Lepasnya tanggung jawab negara dengan cara mendorong praktek liberalisasi dan komersialisasi sektor kesehatan ini, telah membawa banyak dampak buruk bagi orang-orang miskin. Pertama, Pemberlakuan sistim pembayaran yang disebut “user fees” pada pelayanan kesehatan publik. Disini, hampir tidak ada pembedaan antara RS pemerintah dan RS swasta, sehingga menyempitkan kesempatan bagi rakyat miskin untuk memperoleh pelayanan kesehatan murah.

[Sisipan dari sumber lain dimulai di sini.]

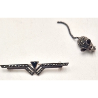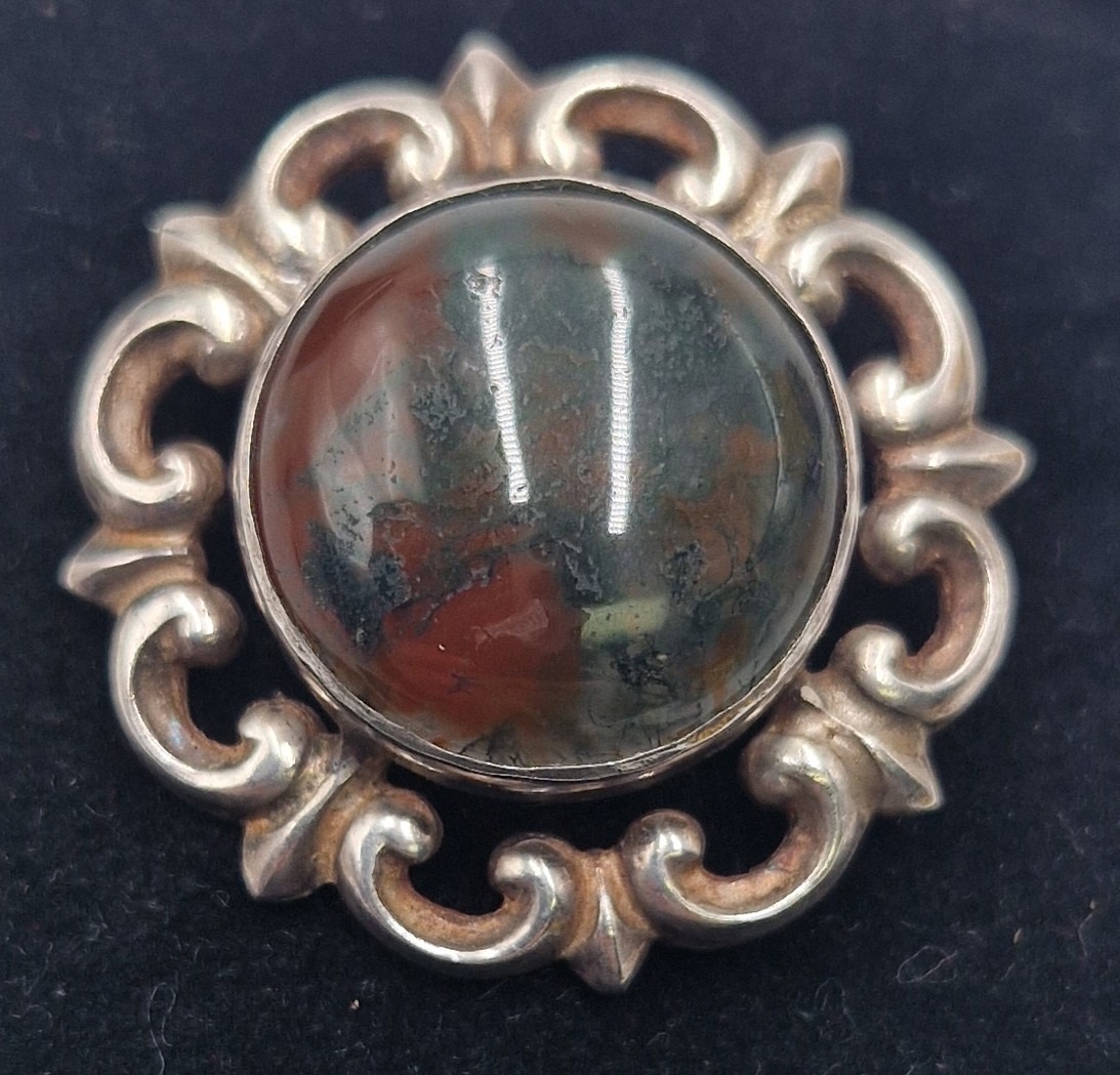 SILVER (925) /AGATE STONE SET BROOCH (Old)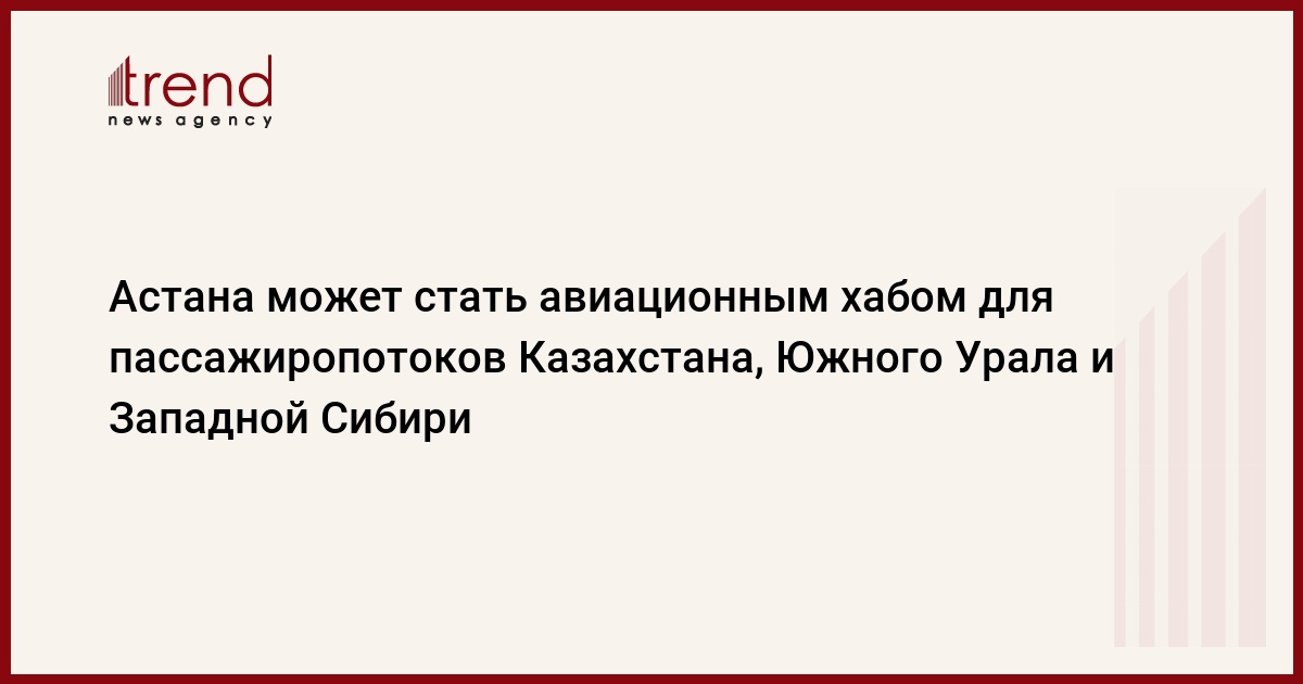 Астана может стать авиационным хабом для пассажиропотоков Казахстана, Южного Урала и Западной Сибири, сказал член коллегии (министр) по энергетике и инфраструктуре Евразийской экономической комиссии (ЕЭК) Даниал Ахметов, выступая на девятой Международной конференции по транзитно-транспортному потенциалу "ТрансЕвразия-2014".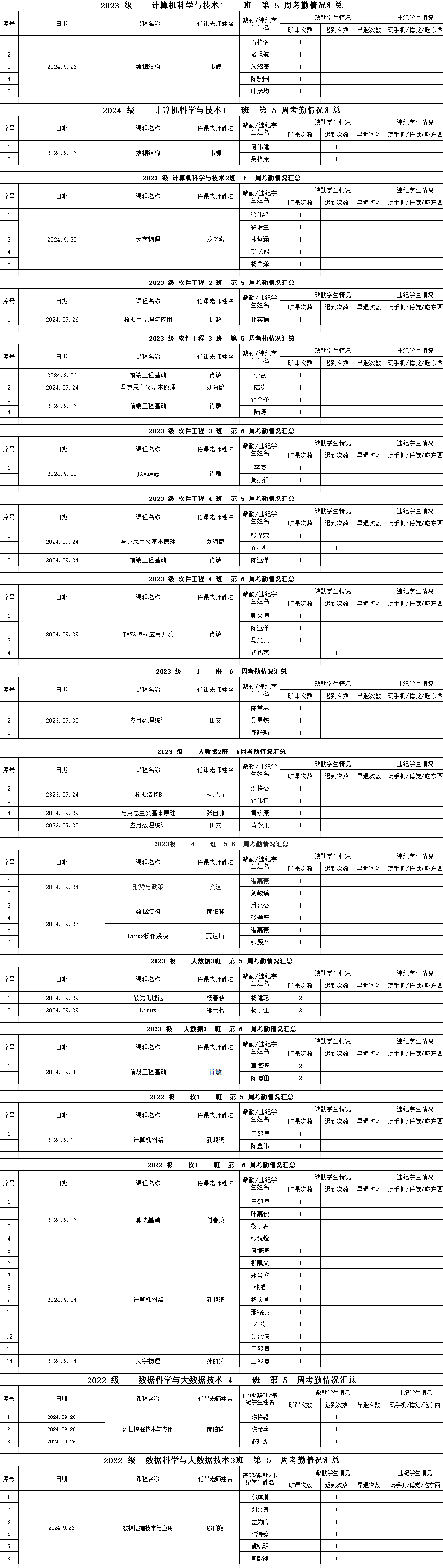 伟德bv国际体育/大数据学院2024-2025学年度第一学期第5-6周学生考勤情况通报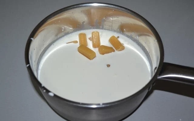 - – Ζεσταίνουμε το γάλα και την κρέμα γάλακτος.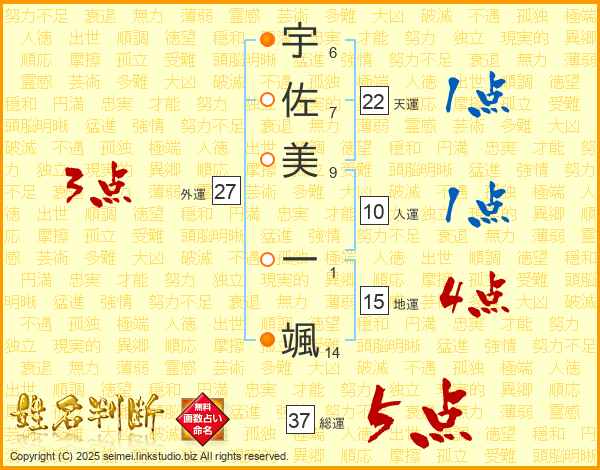宇(6画)佐(7画)美(9画) 一(1画)颯(14画)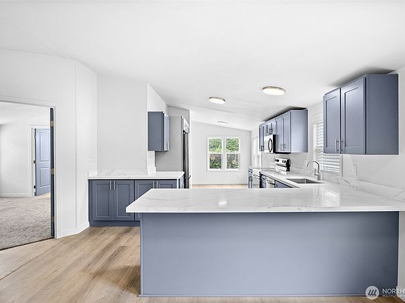 Enjoy modern comfort in this fully renovated 3 bed, 2 bath double-wide in quiet Delphi Mobile Home Park. Updates include new roofs on home and shed, updated siding, new flooring, blinds, and a stunning kitchen with stainless steel appliances. Both bathrooms feature quartz showers. Just 15 minutes to Olympia and located in the desirable Tumwater School District. Lot rent is $715/month. Move-in ready with all the stylish updates you’re looking for!
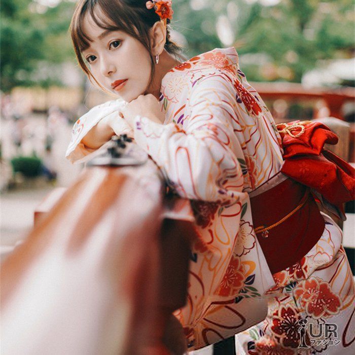 【セット内容】 浴衣+リボン帯(レッド)+髪飾り(ランダム発送)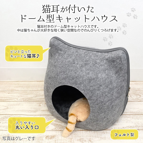 プラタ 猫耳付き ドーム型キャットハウス ブラウン ywx386br 1個(ご注文単位1個)【直送品】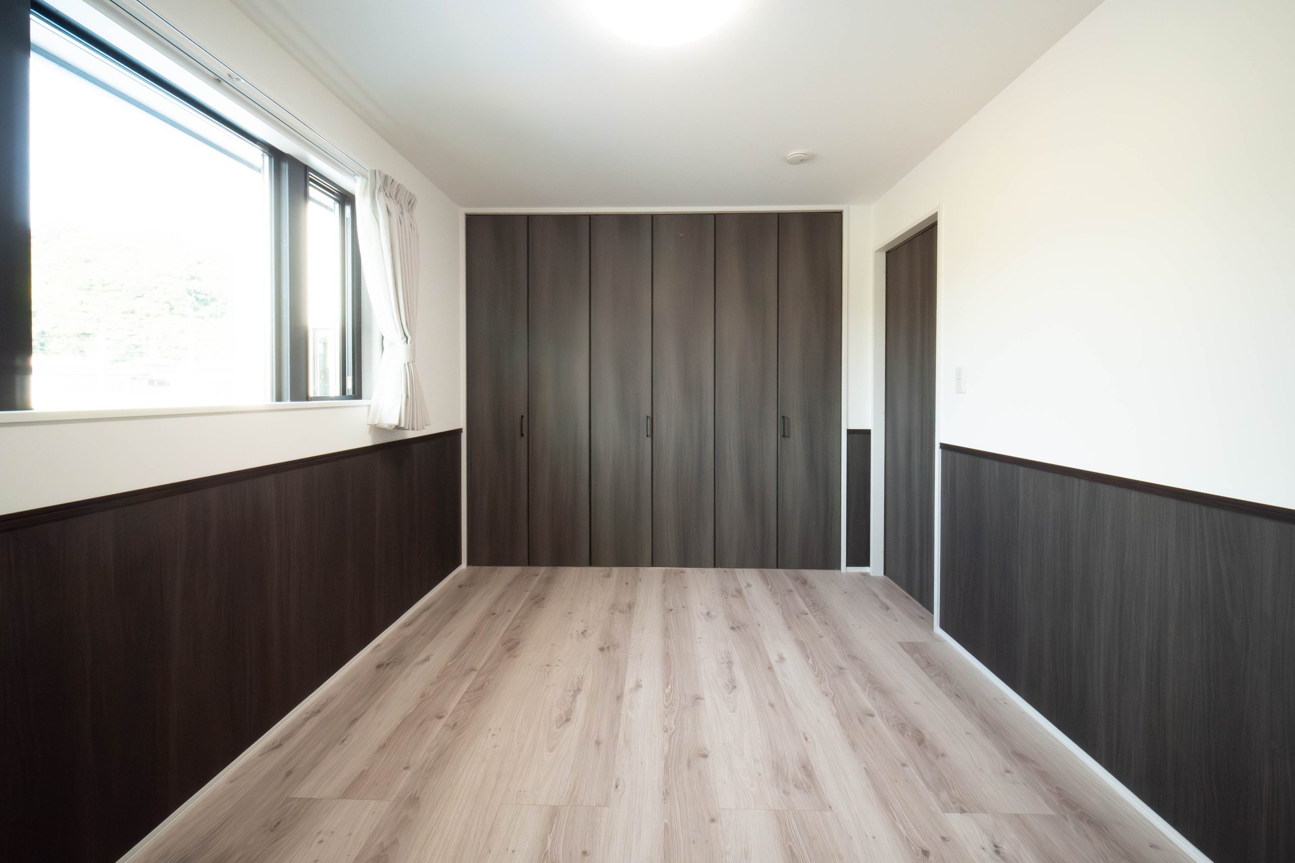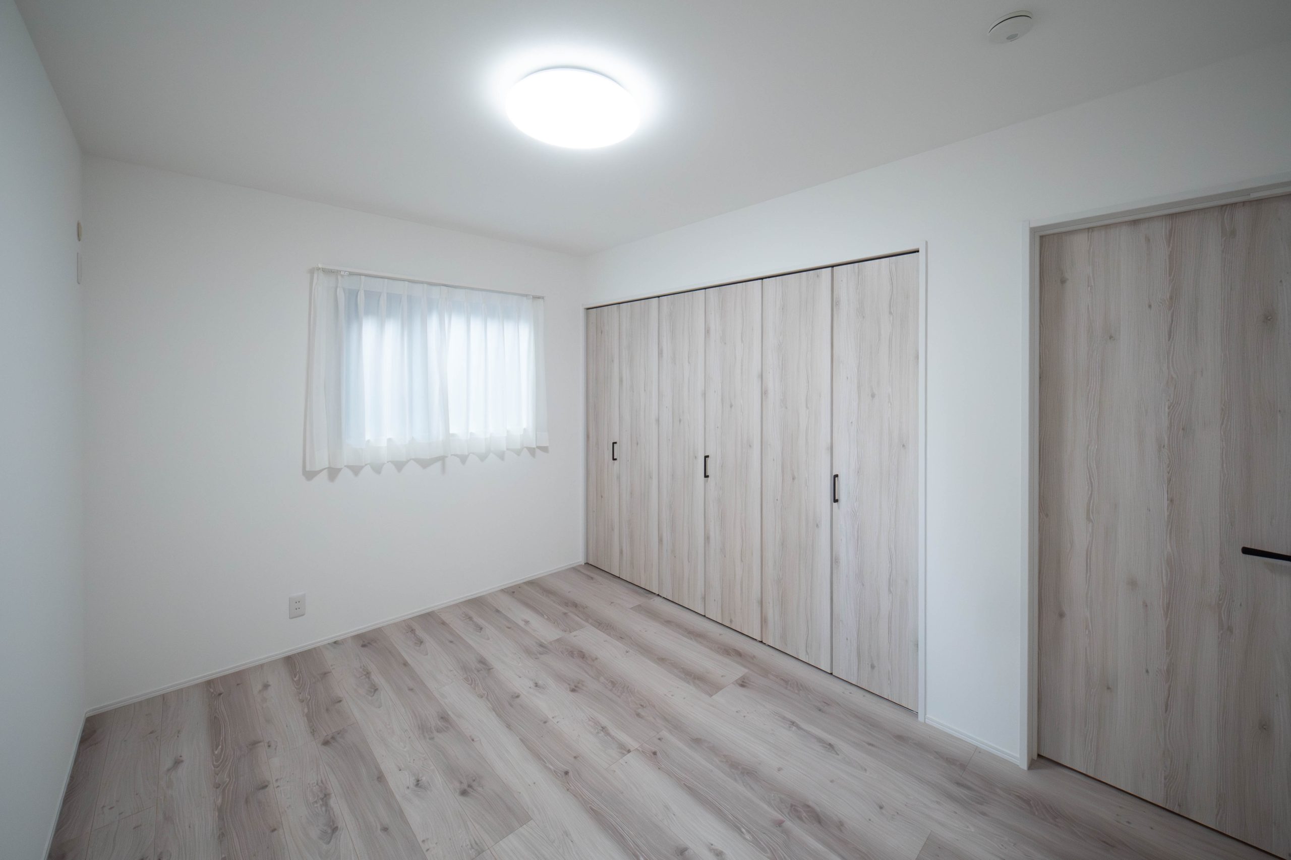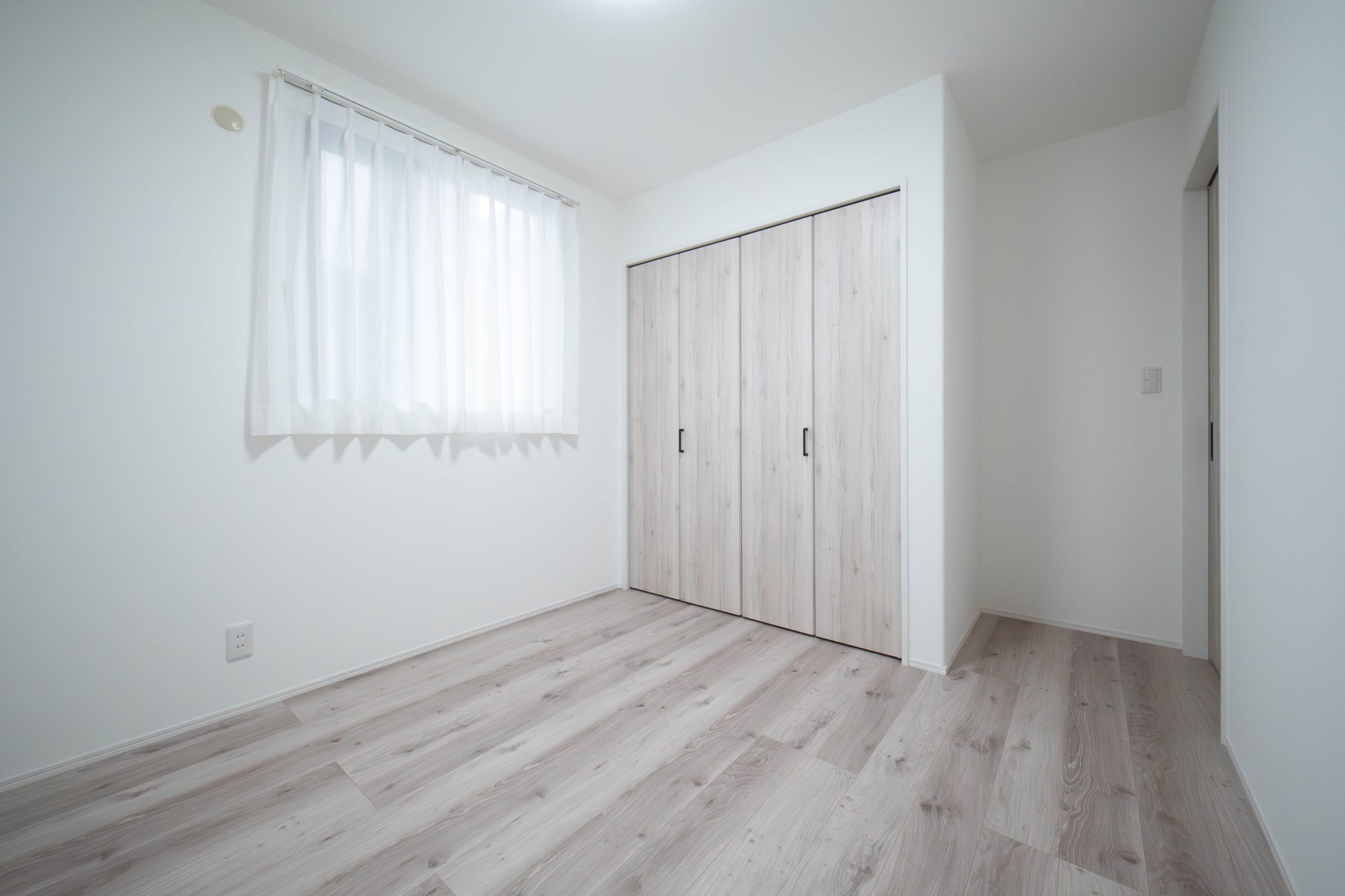 明るく清潔感のある色合いの洋室。クローゼットも十分な容量を確保しています。

Kedua, Adanya segmentasi dalam pemberian layanan kesehatan kepada masyarakat. Artinya, setiap golongan masyarakat akan mendapatkan pelayanan kesehatan berdasarkan kemampuan ekonominya. Orang miskin akan mendapatkan pelayanan kesehatan apa adanya (darurat), sementara orang kaya akan mendapatkan pelayanan lebih bagus dan canggih. Hal ini, bagaimanapun sangat bertentangan dengan prinsip “pelayanan kesehatan untuk semua”, tanpa pandang bulu.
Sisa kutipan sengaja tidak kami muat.